BEGIN Supplied data

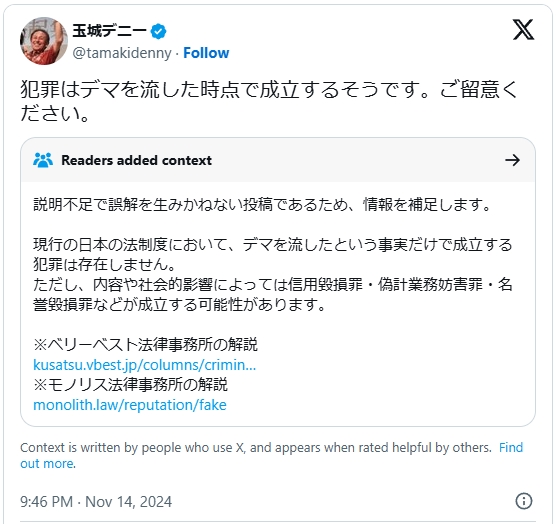【速報】デニー知事、豪雨などに関連して警告「犯罪はデマを流した時点で成立」→コミュノ「デマを流しただけでは犯罪は成立しません」
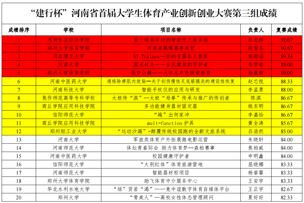 “建行杯”河南省首届大学生体育产业创新创业大赛由河南省体育局、河南省教育厅、共青团河南省委主办,郑州大学、河南大学、河南师范大学等省内多所大学承办,规模层次高、影响力大。自4月份启动以来,吸引了来自全省66所高校的近600份参赛作品。8月下旬组委会组织专家对所有参赛作品进行审核,60个作品成功入围复赛,我校由沙强博士、崔克兵等老师指导的团队顺利入围。本次复赛采取现场答辩“8+5”(PPT演示陈述8分钟、评委提问答辩5分钟)形式进行。经过激烈对决,由我校国产又黄又硬又粗i会展经济与管理专业学生武龙辉带领的团队,击败郑州大学、河南大学、河南科技大学等众多团队,以小组第一的身份成功晋级决赛,挺入12强团队。以赛促学、以赛促教是我校国产又黄又硬又粗i人才培养一贯坚持的理念,本次大赛充分展现了我院学生的专业素养和精神面貌(供稿:沙强)。
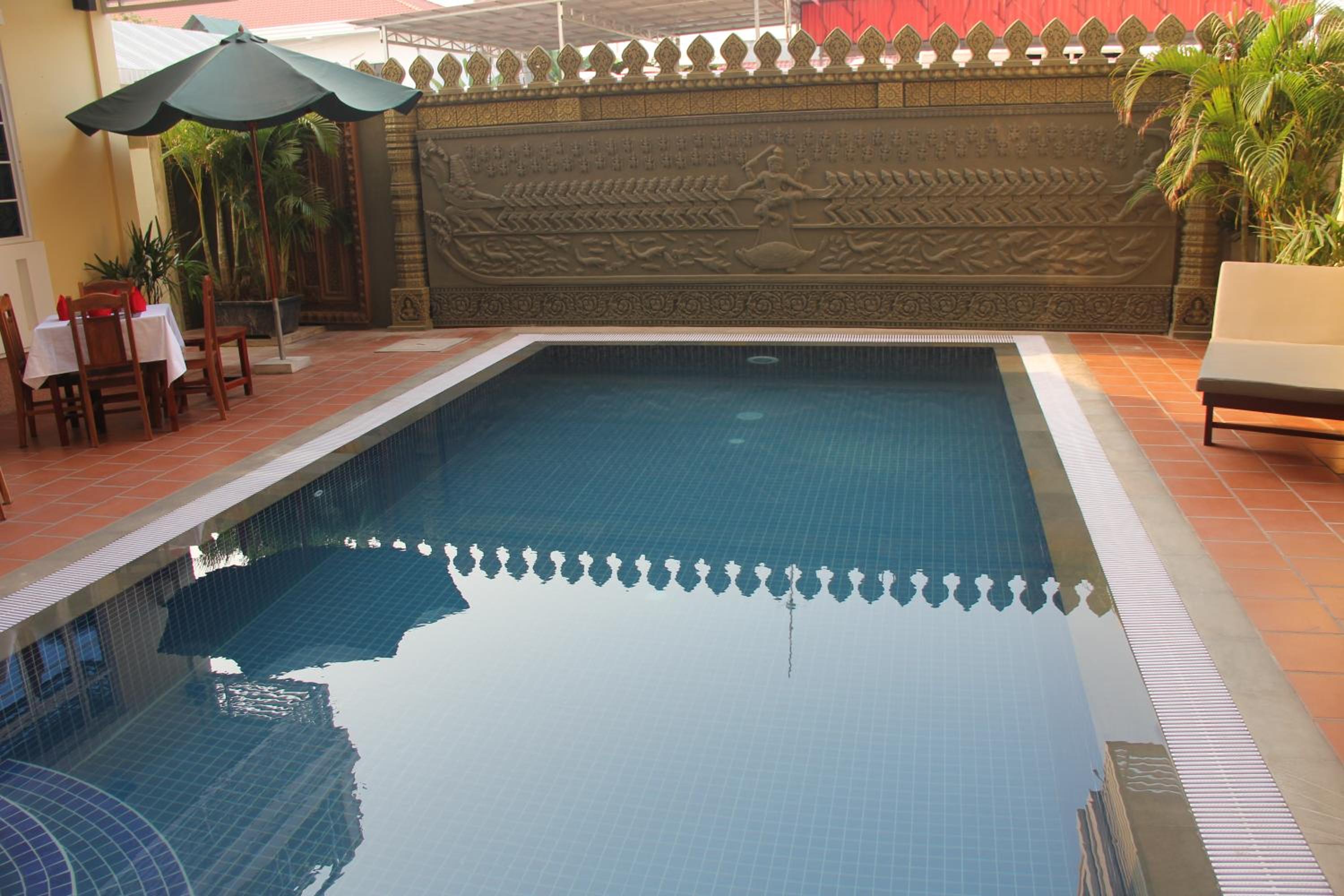 Guests can unwind by the outdoor swimming pool or on the sun terrace. The on-site restaurant serves a variety of authentic Cambodian, Asian, and International dishes, with vegetarian options available. Enjoy a refreshing drink at the bar or indulge in a relaxing massage.
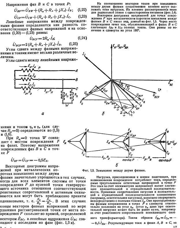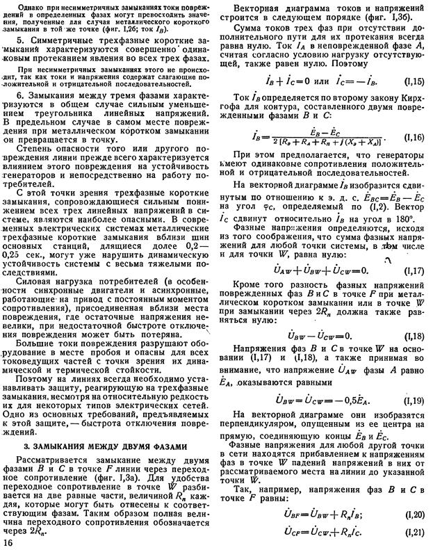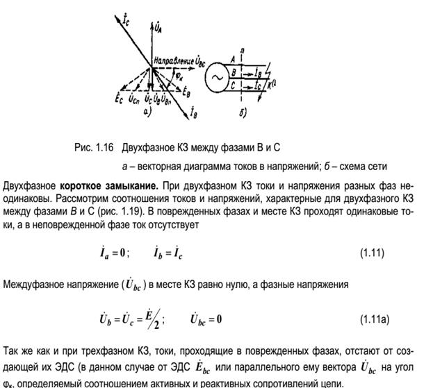 Вопрос 4: Опишите применение в электроэнергетике: Расчет параметров прямой последовательности генераторов и синхронных компенсаторов. При расчете начального значения периодической составляющей тока трехфазного КЗ должны быть учтены все синхронные генераторы и компенсаторы. Для этого нужно нужно расчитать их параметры прямой последовательности. Расчет действующего значения периодической составляющей тока КЗ от синхронного генератора (компенсатора) или нескольких однотипных синхронных генераторов (компенсаторов), находящихся в одинаковых условиях по отношению к точке КЗ, следует вести в следующем порядке: 1) составить схему замещения для определения начального значения периодической составляющей тока КЗ от синхронной машины (или группы машин) и найти относительный ток 2) по кривой 3) определить действующее значение периодической составляющей тока КЗ от синхронной машины (или группы машин) в килоамперах в момент времени где Вопрос 5: Раскройте содержание следующих терминов: Векторная диаграмма напряжений в месте двухфазного короткого замыкания.
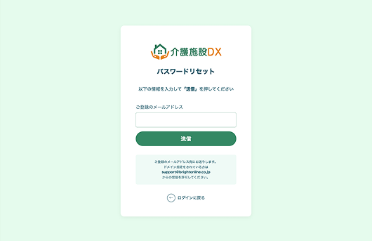 介護施設向けDXプロダクトの管理画面における認証フロー(マネージャーログイン/AIアシスタントログイン/パスワードリセット)のUI設計・実装を担当。
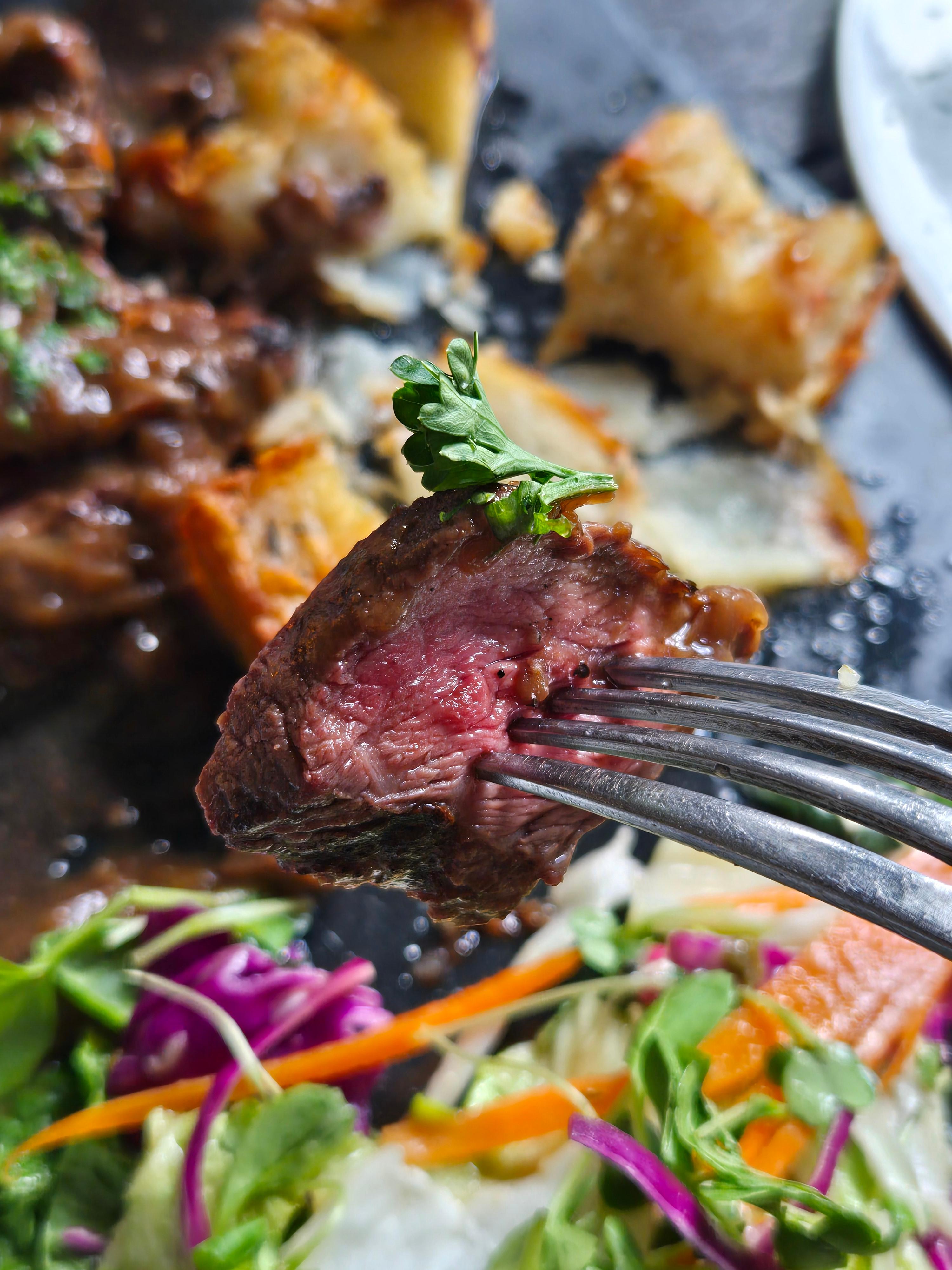 살치살 스테이크는 페퍼소스를 얹은 스테이크와 감자그라탕 그리고 계절채소 샐러드가 함께 나왔구요,
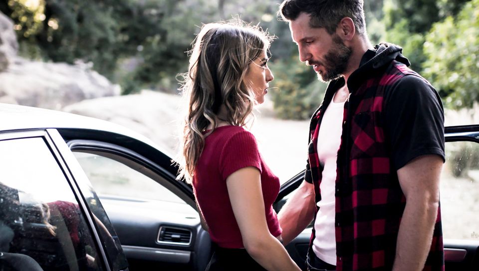 Kristen Scott's desire to have a ride fades away as soon as she sees a firearm in Mike Mancini's glove compartment. The frightened chick keeps acting as if nothing has happened and tries to distract dangerous man's attention by XXX blowing.

END Supplied data

Would you copy out the data exactly, leaving every picture out?

## Written answer
【速報】デニー知事、豪雨などに関連して警告「犯罪はデマを流した時点で成立」→コミュノ「デマを流しただけでは犯罪は成立しません」
 “建行杯”河南省首届大学生体育产业创新创业大赛由河南省体育局、河南省教育厅、共青团河南省委主办,郑州大学、河南大学、河南师范大学等省内多所大学承办,规模层次高、影响力大。自4月份启动以来,吸引了来自全省66所高校的近600份参赛作品。8月下旬组委会组织专家对所有参赛作品进行审核,60个作品成功入围复赛,我校由沙强博士、崔克兵等老师指导的团队顺利入围。本次复赛采取现场答辩“8+5”(PPT演示陈述8分钟、评委提问答辩5分钟)形式进行。经过激烈对决,由我校国产又黄又硬又粗i会展经济与管理专业学生武龙辉带领的团队,击败郑州大学、河南大学、河南科技大学等众多团队,以小组第一的身份成功晋级决赛,挺入12强团队。以赛促学、以赛促教是我校国产又黄又硬又粗i人才培养一贯坚持的理念,本次大赛充分展现了我院学生的专业素养和精神面貌(供稿:沙强)。
 Guests can unwind by the outdoor swimming pool or on the sun terrace. The on-site restaurant serves a variety of authentic Cambodian, Asian, and International dishes, with vegetarian options available. Enjoy a refreshing drink at the bar or indulge in a relaxing massage.
 Вопрос 4: Опишите применение в электроэнергетике: Расчет параметров прямой последовательности генераторов и синхронных компенсаторов. При расчете начального значения периодической составляющей тока трехфазного КЗ должны быть учтены все синхронные генераторы и компенсаторы. Для этого нужно нужно расчитать их параметры прямой последовательности. Расчет действующего значения периодической составляющей тока КЗ от синхронного генератора (компенсатора) или нескольких однотипных синхронных генераторов (компенсаторов), находящихся в одинаковых условиях по отношению к точке КЗ, следует вести в следующем порядке: 1) составить схему замещения для определения начального значения периодической составляющей тока КЗ от синхронной машины (или группы машин) и найти относительный ток 2) по кривой 3) определить действующее значение периодической составляющей тока КЗ от синхронной машины (или группы машин) в килоамперах в момент времени где Вопрос 5: Раскройте содержание следующих терминов: Векторная диаграмма напряжений в месте двухфазного короткого замыкания.
 介護施設向けDXプロダクトの管理画面における認証フロー(マネージャーログイン/AIアシスタントログイン/パスワードリセット)のUI設計・実装を担当。
 살치살 스테이크는 페퍼소스를 얹은 스테이크와 감자그라탕 그리고 계절채소 샐러드가 함께 나왔구요,
 Kristen Scott's desire to have a ride fades away as soon as she sees a firearm in Mike Mancini's glove compartment. The frightened chick keeps acting as if nothing has happened and tries to distract dangerous man's attention by XXX blowing.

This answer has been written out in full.